Safety was evaluated up to approximately 31 weeks by assessment of AEs, number of hypoglycaemic episodes and the change from baseline in vital signs and laboratory assessments. Hypoglycaemic episodes were defined according to the three-tier ADA 2018 definition [34].

An independent external event adjudication committee was established to perform an assessment of certain AEs (deaths, acute coronary syndrome, cerebrovascular events, heart failure requiring hospitalisation, acute pancreatitis, malignant neoplasm, thyroid disease [malignant neoplasm or C-cell hyperplasia], acute kidney injury and lactic acidosis) according to predefined diagnostic criteria. To assess the incidence of diabetic retinopathy, a fundus eye examination was performed prior to randomisation and at the end of treatment (either week 26 or at the time of product discontinuation).

Statistical analysis

A sample size calculation was performed to ensure that the trial had ≥90% statistical power to confirm the superiority of oral semaglutide vs placebo at each dose level for change in HbA1c from baseline to week 26 (primary estimand). In total, it was planned to include130 participants in each treatment group (520 participants in total). The planned number of participants from the China region was 75% of the total sample size (n=390). Analyses of efficacy endpoints were based on the full analysis set, which included all randomised participants, and analyses of safety endpoints were based on the safety analysis set, which included all participants exposed to one or more dose of trial product.

Two questions relating to the efficacy objectives were addressed through the definition of two estimands. The trial product estimand (primary) evaluated the treatment effect for all randomised participants under the assumption that all participants continued taking the trial product for the entire planned duration of the trial and did not use rescue medication. The treatment policy estimand (secondary) evaluated the treatment effect for all randomised participants regardless of trial product discontinuation or use of rescue medication. A series of observation periods was also defined (ESM Appendix 4).

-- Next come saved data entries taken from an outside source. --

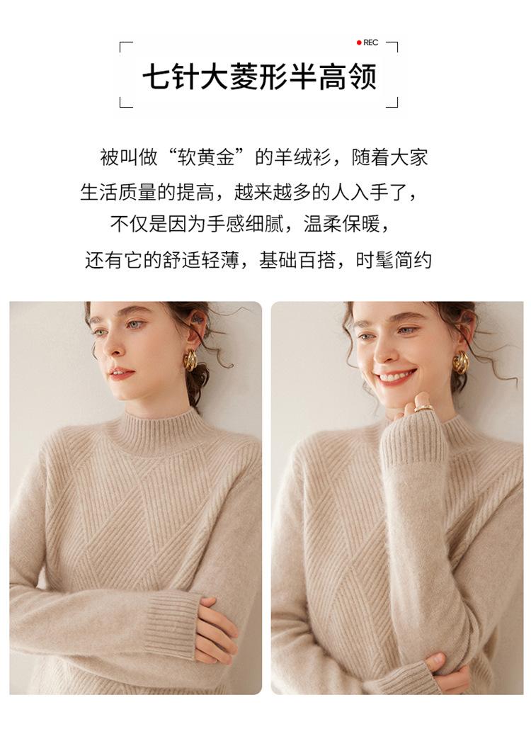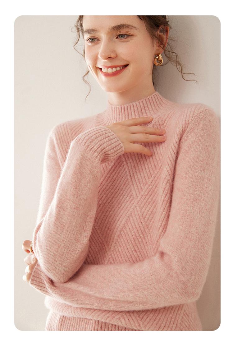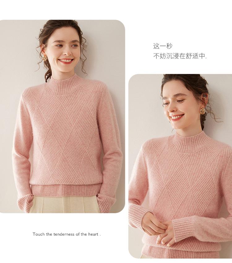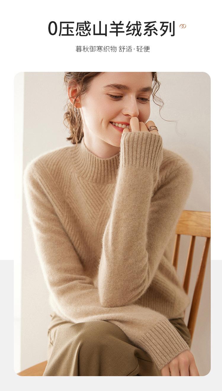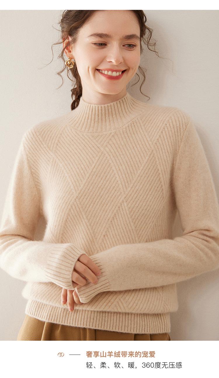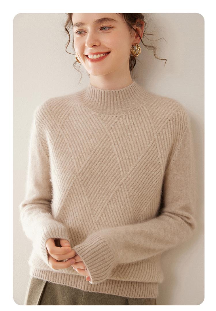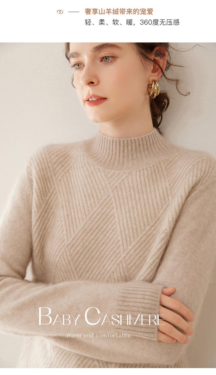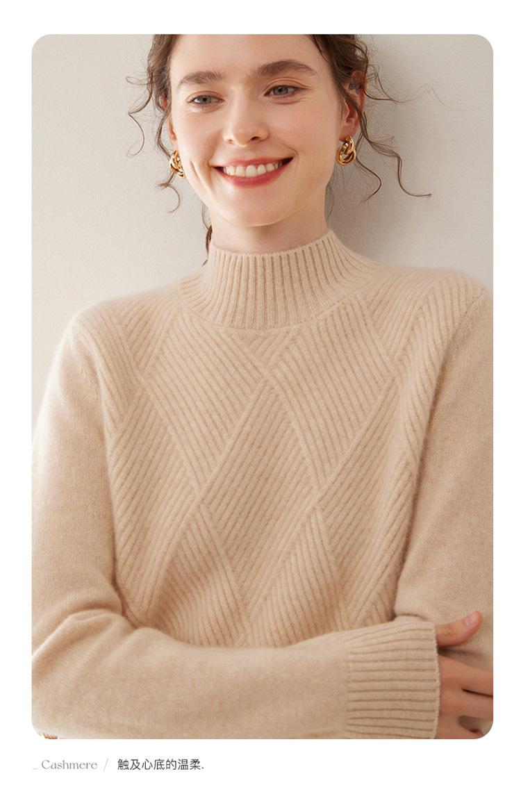 Suéter de cachemira grueso de cuello medio alto para mujer, suéter holgado y cálido de manga larga, cómodo, suave y combinable, agradable para la piel.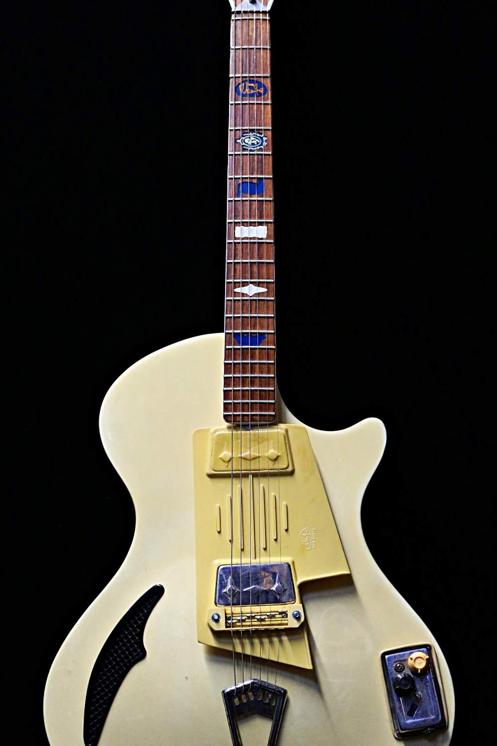 Guitare Collection vous propose cette belle Wandre Tri Lam White des années 60. Montée avec un micro Davoli en position chevalet.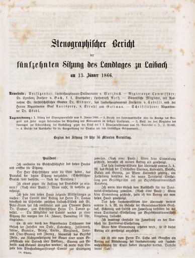 • Original title: Stenographischer Bericht der fünfzehnten Sitzung des Landtages zu Laibach am 13. Jänner 1866

The primary analysis for the trial product estimand was a mixed model for repeated measures using a restricted maximum likelihood, with treatment and region as categorical fixed effects and baseline HbA1c or body weight as a covariate. For the trial product estimand, a closed testing procedure was used to control the overall type 1 error at a nominal two-sided 5% level. Overall significance of 0.05 (two-sided) was initially allocated to the HbA1c superiority test on the highest dose level. The statistical testing strategy ensured that superiority was established in terms of HbA1c before testing for the benefits on body weight at the same dose. Superiority for HbA1c had to be established for higher doses before continuing to test hypotheses at lower doses (ESM Fig. 2). The local significance level was to be reallocated if a hypothesis was confirmed. For the primary analysis for the treatment policy estimand, a pattern mixture model using multiple imputation to handle missing data was used. Change in HbA1c from baseline to week 26 was analysed using ANCOVA, with treatment and region as categorical fixed effects and baseline HbA1c or body weight as a covariate.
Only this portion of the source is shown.